Plus, South Carolina continues to waste time with its useless swinging gate extra point formation. It's an innovative way to sneak in a two-point conversion on PATs, but South Carolina never, ever runs it. If the defense ever refused to respect it, would the Gamecocks even pull the trigger and put the ball in Elliott Fry's hands?
Mike Davis. The sophomore was one of the best tailbacks in the country through the season's first nine games, but has been nothing but pedestrian since. He looked run down against Florida, he skipped the Coastal Carolina game, and he still seemed to be running on fumes against Clemson -- and not for a lack of touches, either.
Davis took 17 total touches for a measly 32 yards against the Tigers and lacked the speed, power and explosiveness that oozed from his pores earlier this season. Granted, Brandon Wilds (three carries, 3 yards) and Shon Carson (two carries, 2 yards) weren't much better on the ground, but Davis' recent decline could be worrisome.
When referees attack. Connor Shaw looked like he was heading into the end zone for his second rushing touchdown of the game at the start of the fourth quarter, but was thwarted by a referee who just couldn't get out of the way. Mike Davis would punch in the go-ahead touchdown moments a few plays later to save the ref from a good, old-fashion house egging, but the whole incident was reminiscent of Wilbur Hackett Jr.'s manhandling of Stephen Garcia near the goal line at LSU in 2008.
What could have been. South Carolina will be wringing its hands over losing at Tennessee this season until the day the Gamecocks hold up the SEC Championship Game trophy, whenever it may be. Auburn's upset of Alabama seemed to crack open the door for South Carolina to win its first SEC Championship this season, but Missouri was quick to slam the door in the Gamecocks' face.
The Gamecocks have come a long way in a relatively short amount of time for its fans to be taking 10-win seasons for granted already, but the team will have to wait until next for a shot at taking the next step.
Is that Clemson football? After the game, several Clemson players -- including Sammy Watkins -- said their play against South Carolina over the past few years hasn't been representative of how good the Tigers really are. It's true that teams simply have bad games sometimes, as anyone who watched the nightmare in Knoxville, Tenn., this season would confirm.

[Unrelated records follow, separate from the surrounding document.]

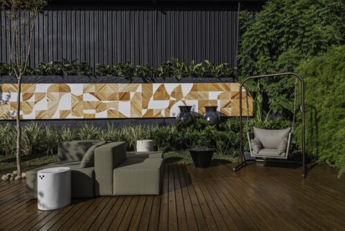 Um dos destaques da edição de 2022, o parquinho de madeira, mantém sua importância na Mostra deste ano. O local fica ao lado do espaço The Landscape, idealizado pela arquiteta July Franchesca Dallagrana, que traz um grande lounge ao ar livre com mesas, cadeiras e sofás, e um jardim de cores e texturas voltado à contemplação e ao bem-estar. Ao fundo, se sobrepõe o mural de azulejaria do artista Rômulo Lass, inspirado nas curvas de Oscar Niemeyer.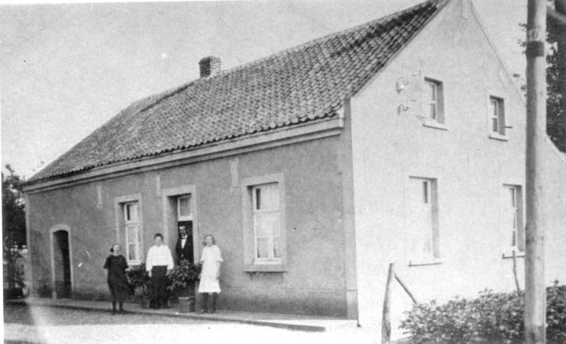 Huis Heldens in de Groenstraat ca 1924. Van links naar rechts: Mien Teeuwen, Petronella Heldens, Wijnand Janssen, Petronella, de verloofde van Janssen. Wijnand Janssen is de vader van Pierre Janssen.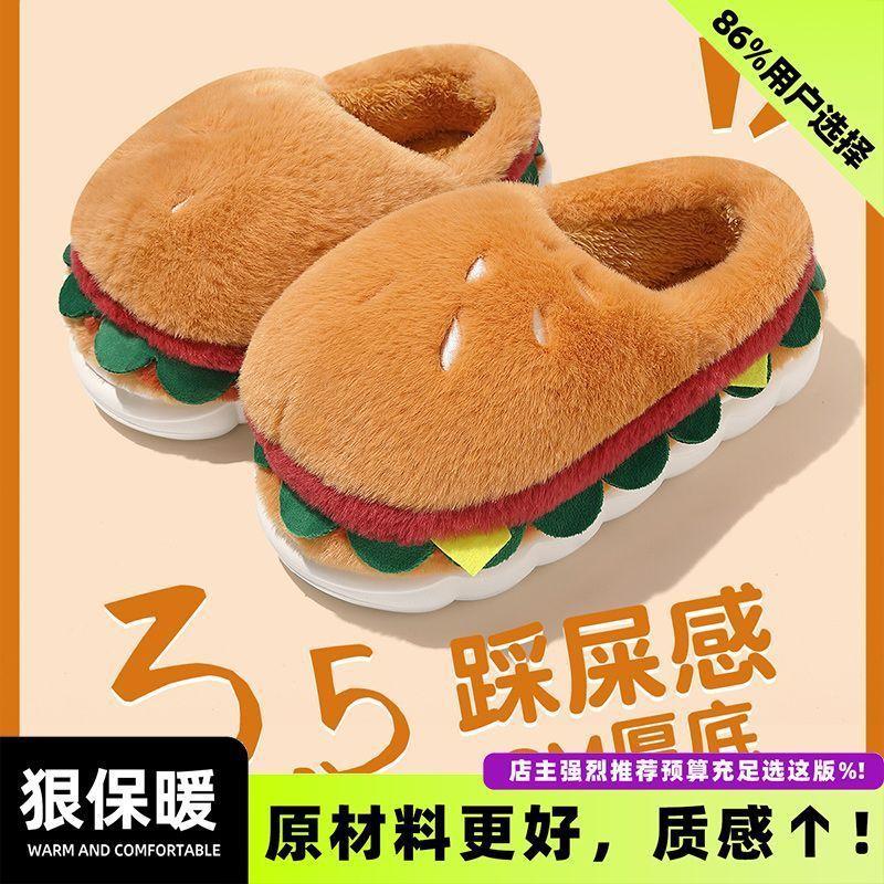Cartoon burger cotton shoes winter new cute outer wear warm home non-slip piled thick soft bottom cotton mop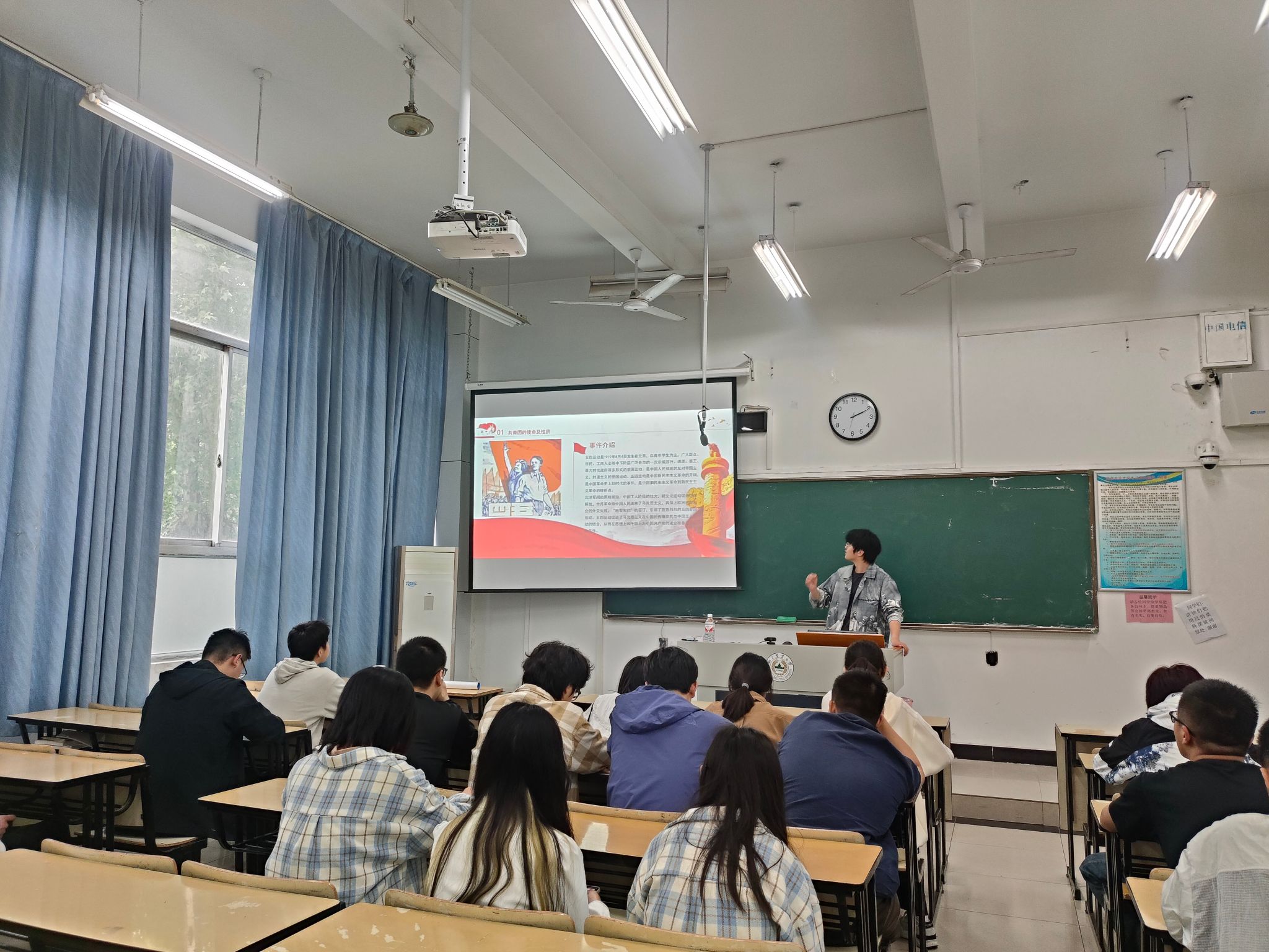 活动第一部分,计科231团支部在汇贤楼举办了“厚积流光,赓续奋斗”主题五四精神讲堂,详细介绍了五四青年节的设立缘由及历史背景。

It's also true that the Tigers haven't had their best performances against the Gamecocks recently. But the question remains: Is Clemson's poor play a result of implosions that just happen to coincide with a particular Saturday at the end of November? Or is it rather a result of South Carolina drawing up a gameplan to beat the Tigers and executing it?
Does defensive coordinator Lorenzo Ward have a secret voodoo doll of Tajh Boyd that he uses to manipulate Boyd's decision-making and pass attempts, or does Ward just understand that spread offenses can be thwarted with physicality and consistent pressure on the quarterback?
Did Clemson hand the ball over to South Carolina? Or did the Gamecocks take it away? A mixture of both, perhaps?
And while we're at it, why have Clemson's five-straight self-destructions occurred against South Carolina, rather than -- say -- Wake Forest?
Consider, as food for thought, that against bottom-100 defenses this season, Clemson is 10-0 and averages 535.7 yards per game and 41.5 points per game. But against top-20 defenses, the Tigers are 0-2 and average 339 yards per game and 15.5 points per game. Again, just food for thought.
Is Connor Shaw the greatest Gamecock quarterback of all time? Only if you measure greatness by the number of wins, winning percentage, and even the worth of his intangibles.